- [Extracted records]:
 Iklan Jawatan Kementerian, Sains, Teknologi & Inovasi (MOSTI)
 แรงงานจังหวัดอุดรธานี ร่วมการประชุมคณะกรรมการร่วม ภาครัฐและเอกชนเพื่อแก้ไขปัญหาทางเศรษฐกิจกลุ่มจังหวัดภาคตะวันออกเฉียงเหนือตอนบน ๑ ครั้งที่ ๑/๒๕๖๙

...

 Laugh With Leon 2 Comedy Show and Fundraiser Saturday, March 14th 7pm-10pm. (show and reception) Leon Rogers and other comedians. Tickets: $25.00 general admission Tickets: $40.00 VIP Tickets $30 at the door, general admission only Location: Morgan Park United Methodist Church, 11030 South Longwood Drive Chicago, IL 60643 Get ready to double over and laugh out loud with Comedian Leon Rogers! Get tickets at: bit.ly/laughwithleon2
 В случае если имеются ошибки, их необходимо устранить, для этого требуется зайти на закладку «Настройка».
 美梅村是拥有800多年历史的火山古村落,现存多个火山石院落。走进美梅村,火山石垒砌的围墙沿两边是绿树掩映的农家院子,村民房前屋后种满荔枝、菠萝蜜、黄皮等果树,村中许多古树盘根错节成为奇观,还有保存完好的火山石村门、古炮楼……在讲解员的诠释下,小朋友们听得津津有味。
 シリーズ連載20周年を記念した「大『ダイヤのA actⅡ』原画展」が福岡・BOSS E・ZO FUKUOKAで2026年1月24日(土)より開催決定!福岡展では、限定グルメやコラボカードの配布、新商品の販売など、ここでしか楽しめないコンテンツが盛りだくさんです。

--

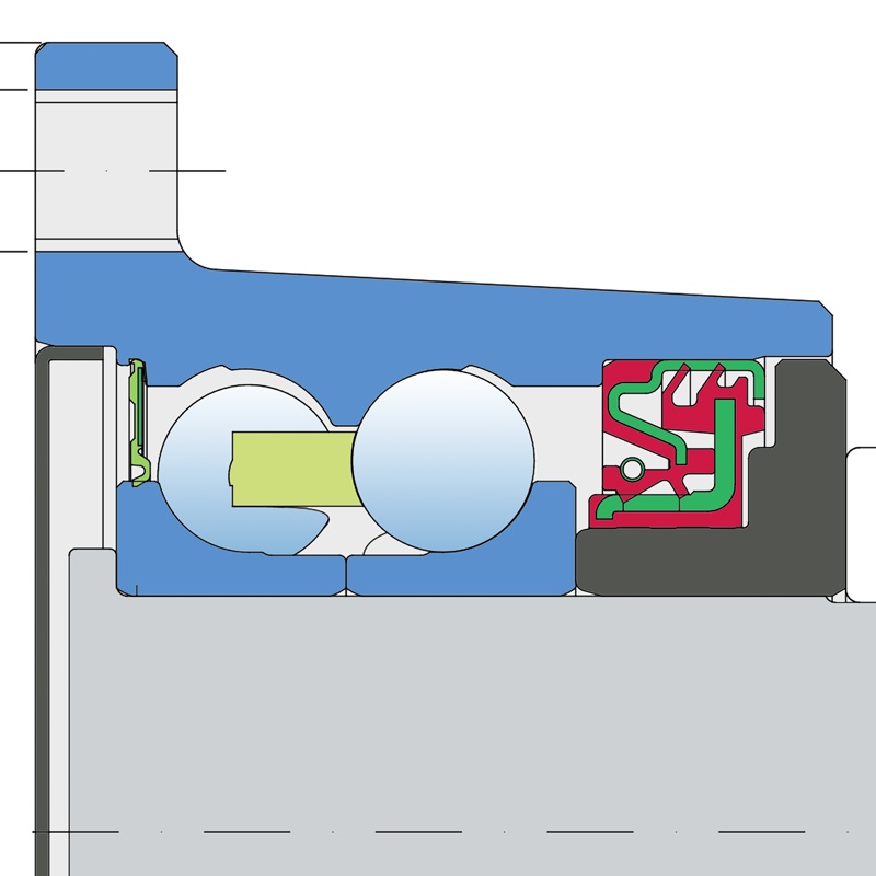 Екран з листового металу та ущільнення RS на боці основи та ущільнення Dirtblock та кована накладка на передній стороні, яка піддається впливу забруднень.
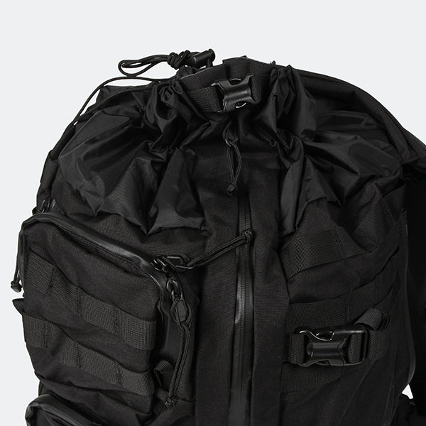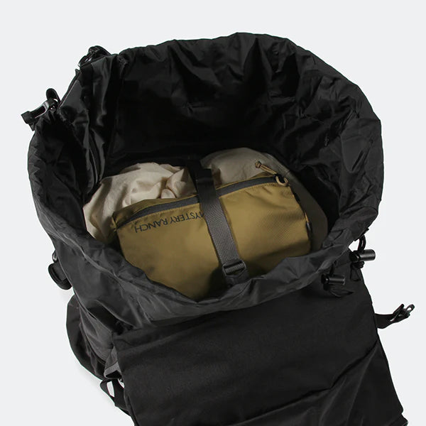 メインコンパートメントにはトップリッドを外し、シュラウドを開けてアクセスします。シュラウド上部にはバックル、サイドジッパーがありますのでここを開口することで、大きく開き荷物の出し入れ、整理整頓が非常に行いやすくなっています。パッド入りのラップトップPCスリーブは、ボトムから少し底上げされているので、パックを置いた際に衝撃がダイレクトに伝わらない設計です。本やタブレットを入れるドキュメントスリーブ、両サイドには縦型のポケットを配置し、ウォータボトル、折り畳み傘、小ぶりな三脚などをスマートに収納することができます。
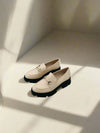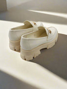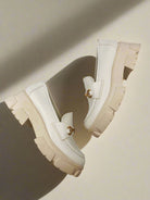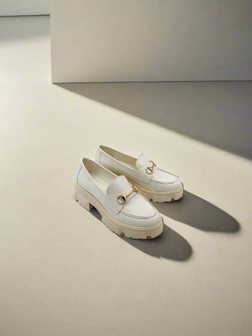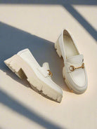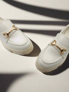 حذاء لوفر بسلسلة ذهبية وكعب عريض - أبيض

- [What is required]: Everything from the line containing "Iklan Jawatan Kementerian, Sains, Teknologi" through the line containing "๑ ครั้งที่ ๑/๒๕๖๙" in the material above should be retyped exactly, both ends included, and nothing more.

- [Reply]:
 Iklan Jawatan Kementerian, Sains, Teknologi & Inovasi (MOSTI)
 แรงงานจังหวัดอุดรธานี ร่วมการประชุมคณะกรรมการร่วม ภาครัฐและเอกชนเพื่อแก้ไขปัญหาทางเศรษฐกิจกลุ่มจังหวัดภาคตะวันออกเฉียงเหนือตอนบน ๑ ครั้งที่ ๑/๒๕๖๙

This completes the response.